As two young Kenyan girls from opposite sides of Nairobi’s political divide discover first love, they find themselves torn between this special connection and the very real threat towards their safety.
Teenage Kena is a tomboy who hangs with the boys and is studying hard in an effort to become a nurse while also working in her father’s small shop. As the audience witnesses Kena going about her everyday life in the rough streets on the outskirts of Nairobi, it is shown that Ziki, a confident girly-girl from a well-off family whose hair looks like an explosion of pastel fireworks, has started to catch our protagonist’s eye. It soon becomes clear that this colourful teen is the daughter of Kena’s father’s political opposition in the up-coming local election.

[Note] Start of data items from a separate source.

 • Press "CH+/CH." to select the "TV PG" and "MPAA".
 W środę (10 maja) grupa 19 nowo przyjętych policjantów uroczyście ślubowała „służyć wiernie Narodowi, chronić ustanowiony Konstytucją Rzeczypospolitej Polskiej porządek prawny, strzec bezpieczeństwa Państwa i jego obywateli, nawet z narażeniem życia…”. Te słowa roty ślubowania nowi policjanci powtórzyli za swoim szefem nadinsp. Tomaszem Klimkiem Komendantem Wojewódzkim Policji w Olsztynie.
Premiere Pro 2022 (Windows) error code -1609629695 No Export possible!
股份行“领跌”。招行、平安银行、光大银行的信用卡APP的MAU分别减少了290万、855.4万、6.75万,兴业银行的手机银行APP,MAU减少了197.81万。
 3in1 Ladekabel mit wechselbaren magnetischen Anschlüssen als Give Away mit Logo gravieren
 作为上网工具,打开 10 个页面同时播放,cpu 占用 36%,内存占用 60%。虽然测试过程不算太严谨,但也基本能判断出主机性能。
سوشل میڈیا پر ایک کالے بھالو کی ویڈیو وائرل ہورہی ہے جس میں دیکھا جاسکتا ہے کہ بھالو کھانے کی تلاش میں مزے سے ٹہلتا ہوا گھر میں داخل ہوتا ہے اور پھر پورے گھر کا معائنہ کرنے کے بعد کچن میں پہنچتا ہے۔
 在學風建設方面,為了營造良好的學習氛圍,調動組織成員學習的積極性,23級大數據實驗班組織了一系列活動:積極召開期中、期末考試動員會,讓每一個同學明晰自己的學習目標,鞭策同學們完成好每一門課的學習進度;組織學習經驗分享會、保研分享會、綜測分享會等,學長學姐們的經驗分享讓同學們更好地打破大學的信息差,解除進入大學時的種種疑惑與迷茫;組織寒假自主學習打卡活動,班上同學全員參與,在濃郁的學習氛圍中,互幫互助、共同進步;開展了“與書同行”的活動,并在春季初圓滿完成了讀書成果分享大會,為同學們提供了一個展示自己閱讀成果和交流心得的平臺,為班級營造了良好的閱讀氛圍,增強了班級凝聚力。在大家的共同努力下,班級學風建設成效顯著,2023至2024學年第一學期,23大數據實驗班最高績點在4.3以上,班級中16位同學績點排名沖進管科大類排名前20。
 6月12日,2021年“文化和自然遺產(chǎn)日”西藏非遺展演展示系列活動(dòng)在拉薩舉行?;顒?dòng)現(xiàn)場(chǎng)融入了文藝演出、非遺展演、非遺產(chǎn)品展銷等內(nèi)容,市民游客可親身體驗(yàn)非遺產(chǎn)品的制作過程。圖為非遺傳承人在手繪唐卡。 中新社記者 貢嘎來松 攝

After bonding over their mutual rejection of the societal expectation for them to become ‘good Kenyan wives’, the girls grow closer and a youthful, innocent love begins to blossom between the pair. As much as the couple try to keep their newfound love a secret, the small, strongly religious community begins to question their close friendship and the danger of their relationship becomes clear.
Rafiki (which means friend), and its theme of lesbianism, has already seen plenty of controversy. While the enlightening film was being celebrated at one of the biggest film festivals in the world in Cannes, it was banned in its own country of origin. This, though, is unsurprising as the African country has a lengthy history of being religiously homophobic, with those caught in same-sex relationships facing violence, being ostracised by their family and friends, and enduring lengthy jail terms.

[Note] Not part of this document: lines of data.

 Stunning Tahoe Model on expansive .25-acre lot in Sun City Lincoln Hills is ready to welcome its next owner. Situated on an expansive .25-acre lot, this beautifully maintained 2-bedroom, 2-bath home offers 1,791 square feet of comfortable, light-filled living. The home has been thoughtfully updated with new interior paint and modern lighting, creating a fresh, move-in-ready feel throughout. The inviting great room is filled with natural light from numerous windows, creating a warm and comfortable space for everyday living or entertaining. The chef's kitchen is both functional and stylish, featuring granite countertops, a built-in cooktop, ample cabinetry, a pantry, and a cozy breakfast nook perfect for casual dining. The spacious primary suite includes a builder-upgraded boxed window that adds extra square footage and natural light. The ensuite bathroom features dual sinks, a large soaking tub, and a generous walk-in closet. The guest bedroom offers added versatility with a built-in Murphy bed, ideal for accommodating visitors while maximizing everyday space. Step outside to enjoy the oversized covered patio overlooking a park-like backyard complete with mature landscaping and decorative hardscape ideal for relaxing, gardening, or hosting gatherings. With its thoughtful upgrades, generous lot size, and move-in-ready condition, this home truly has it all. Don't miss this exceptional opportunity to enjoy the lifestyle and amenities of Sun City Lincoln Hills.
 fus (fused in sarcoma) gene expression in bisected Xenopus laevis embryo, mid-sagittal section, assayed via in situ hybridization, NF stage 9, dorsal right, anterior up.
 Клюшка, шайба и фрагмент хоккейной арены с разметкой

Wanuri Kahiui, one of Africa’s brightest and now bravest female filmmakers, challenged this fierce homophobia not only in her bold film, but by fighting against its ban as well.

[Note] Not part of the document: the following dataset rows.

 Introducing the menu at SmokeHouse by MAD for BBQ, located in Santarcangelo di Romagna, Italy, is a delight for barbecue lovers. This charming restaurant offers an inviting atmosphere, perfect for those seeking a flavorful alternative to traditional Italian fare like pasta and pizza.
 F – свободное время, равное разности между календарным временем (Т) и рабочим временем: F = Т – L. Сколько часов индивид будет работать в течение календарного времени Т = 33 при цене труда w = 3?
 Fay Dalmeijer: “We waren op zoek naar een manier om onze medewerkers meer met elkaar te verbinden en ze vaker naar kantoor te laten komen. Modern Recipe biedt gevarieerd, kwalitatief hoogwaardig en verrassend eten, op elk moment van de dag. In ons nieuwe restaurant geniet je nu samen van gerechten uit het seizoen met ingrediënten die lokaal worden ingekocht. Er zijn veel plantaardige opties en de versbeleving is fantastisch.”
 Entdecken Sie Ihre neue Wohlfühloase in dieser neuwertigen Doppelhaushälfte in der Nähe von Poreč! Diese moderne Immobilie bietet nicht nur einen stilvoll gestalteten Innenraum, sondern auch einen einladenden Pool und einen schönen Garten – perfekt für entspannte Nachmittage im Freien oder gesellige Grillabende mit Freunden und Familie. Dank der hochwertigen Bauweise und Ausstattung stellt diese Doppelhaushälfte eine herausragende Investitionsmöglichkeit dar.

Both young lead actors are mesmerising as the young lesbian couple, creating a truly believable youthful love for the audience to support. Samantha Mugatsia beautifully portrays the quieter Kena with her subtle mannerisms and generous nature. In contrast, Sheila Munyiva is utterly mesmerising as the loud and exuberant Ziki with her wide eyes, exuberant smile and youthful naivety that everything will turn out ok.
This Kenyan-based, coming-of-age film is a refreshing change from the commercial stream out of Hollywood, placing the audience in a unique foreign setting. It doesn’t smother the audience with its adolescent lesbian theme, but rather gently lets the youthful relationship blossom naturally on-screen. Rafiki is a brave, contemporary film that will engage audiences world-wide.